Can you consider modifying your tokenizer to return C on reading SEP C?, and D on reading SEP D? You might even use lexical feedback and a start condition in flex, so that on reading the B, you flip a switch so that SEP C is returned as just C, and SEP D is returned as just D. If this was possible, the following unambiguous grammar would work with no S/R conflicts:

%token A B C D SEP

%%

items
    : /* empty */
    | items_nonempty
    ;

items_nonempty
    : item
    | items_nonempty SEP item
    ;

item
    : opt_a B opt_c opt_d
    ;

opt_a
    :   /* Nothing */
    |   A SEP
    ;

opt_c
    :   /* Nothing */
    |   C
    ;

opt_d
    :   /* Nothing */
    |   D
    ;
0
votes

You can include the SEP following your other tokens into a single rule.
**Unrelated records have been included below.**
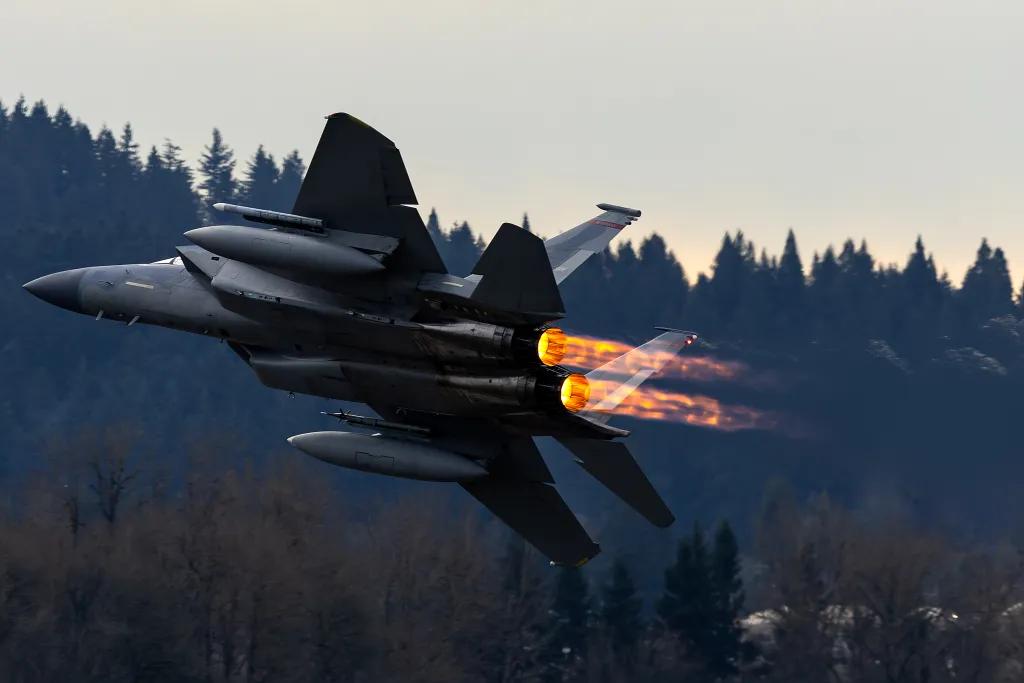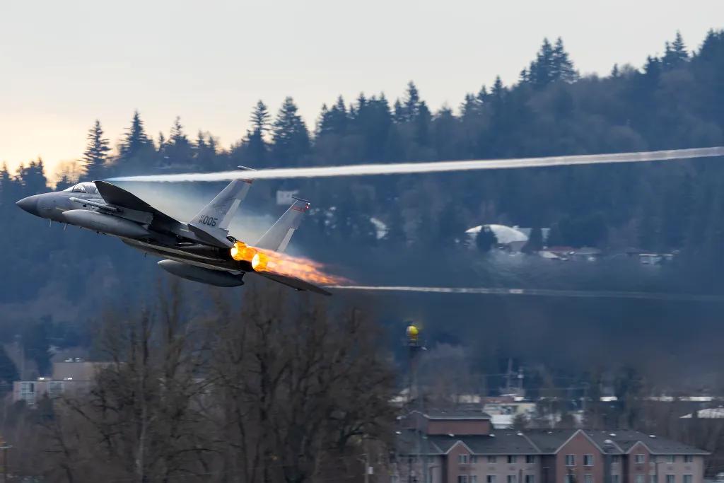 【工业美学——美军最新F-15EX战机爬升的瞬间】 美国波特兰国际机场(该机场同时设有波特兰空军国民警卫队基地,其主要驻地是第142战斗联队/第123战斗机中队,更广为人知的名字是红鹰。),一架美国空军最新F-15EX“鹰式II”在10R跑道末端以全加力状态从机场起飞,快速爬升。
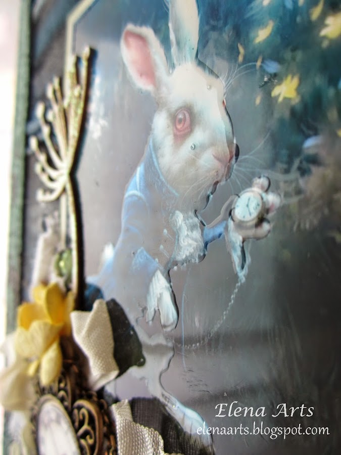 una libreta-diario que la he llamado "Alice"s Garden" con el protagonista este conejito tan adorable. La imagen fue buscada en internet e impresa. Me he inspirado en la libreta felina de Natalya, es una maravilla de trabajo!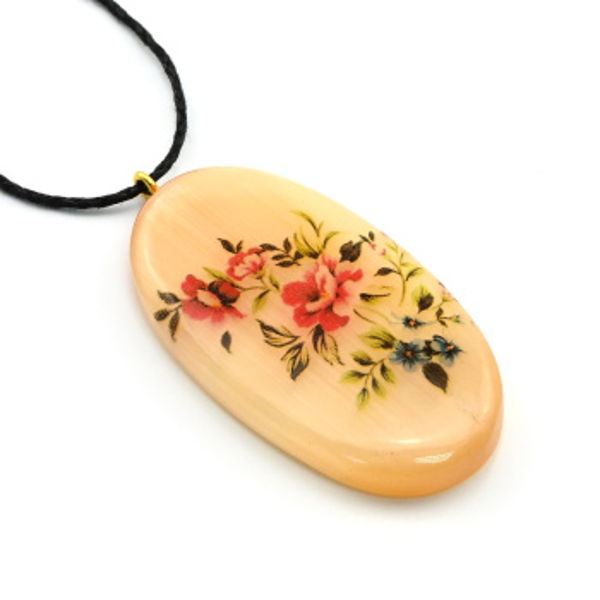 • Кулон из селенита "Цветы №11" овал 28*50мм, на шнурке

Written very concisely, your grammer could be expressed like this:

%token A B C D SEP
%%
items : /* empty */ | item | itemsSEP item ;
item : a B | a b C | a b c D ;
itemsSEP : itemSEP | itemsSEP itemSEP ;
itemSEP : a b c d ;
a : /* empty */ | A SEP ;
b : B SEP ;
c : /* empty */ | C SEP ;
d : /* empty */ | D SEP ;

So now I have itemSEP for an item followed by a separator, but item for the last one which is not followed by a separator. Those are made up from the lower-case single-letter non-terminals which each include the following separator as well, and take care of some arguments being optional. Only the last argument to item is always a raw terminal, as there won't be a separator following that one.

With the grammar expressed in this way, you won't run into any shift-reduce conflicts, as the grammar now is LALR(1). At every step, it will know exactly what reduction to apply, even if the main point of that rule is getting rid of one SEP so we can look one token further ahead.